SC 2017 Semilab: Math and Discoveries of Archimedes.

by Igor Zaliznyak

Archimedes was arguably the greatest mathematician that ever lived on Earth. After he was killed by Romans, who conquered his native Syracuse, many of his great discoveries were forgotten and it took more than a thousand years and the discovery of modern methods of calculus and mathematical analysis by Newton and Leibnitz for these results to be reproduced. Archimedes’ invention of the Law of Lever and the method of the Center of Gravity laid the foundation for modern mathematical methods of mechanics.

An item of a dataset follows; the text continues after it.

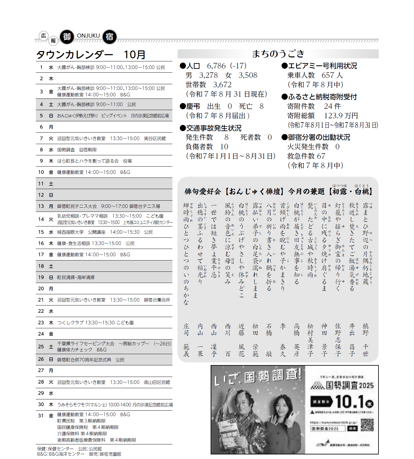 くらし おんじゅく広報 令和7年9月号 P.13 10/11 前の記事 次の記事 発行日 : 2025年09月25日 自治体名 : 千葉県御宿町 広報紙名 : おんじゅく広報 令和7年9月号 Tweet シェアする おんじゅく広報 令和7年9月号 P.12 おんじゅく広報 令和7年9月号 P.14

His treatment of the equilibrium of floating bodies was fundamental for the development of hydrostatics and its application to shipbuilding; even now introductory chapters of textbooks on naval architecture present diagrams that were first drawn by Archimedes more than two thousand years ago. And while exploring all fundamental advances that he made in the fields of geometry, mechanics, hydrostatics, number theory, and other would definitely take more than a week, in this SemiLab we shall follow the flight of Archimedes’ thought in exploring the volumes of spheres and paraboloids, considering the laws of equilibrium of floating bodies, computing the value of pi, summing the series, and more. We will learn The Mechanical Method, the properties of the Archimedes’ Spiral and the parabolic cuts. Most of these remarkable discoveries can also be explored via hands on activities, which we will also attempt in the course of the Semilab.

Reference: [1] Sherman Stein. Archimedes: What Did He Do Besides Crying Eureka? Published by: The Mathematical Association of America; 1 edition (June 15, 1999).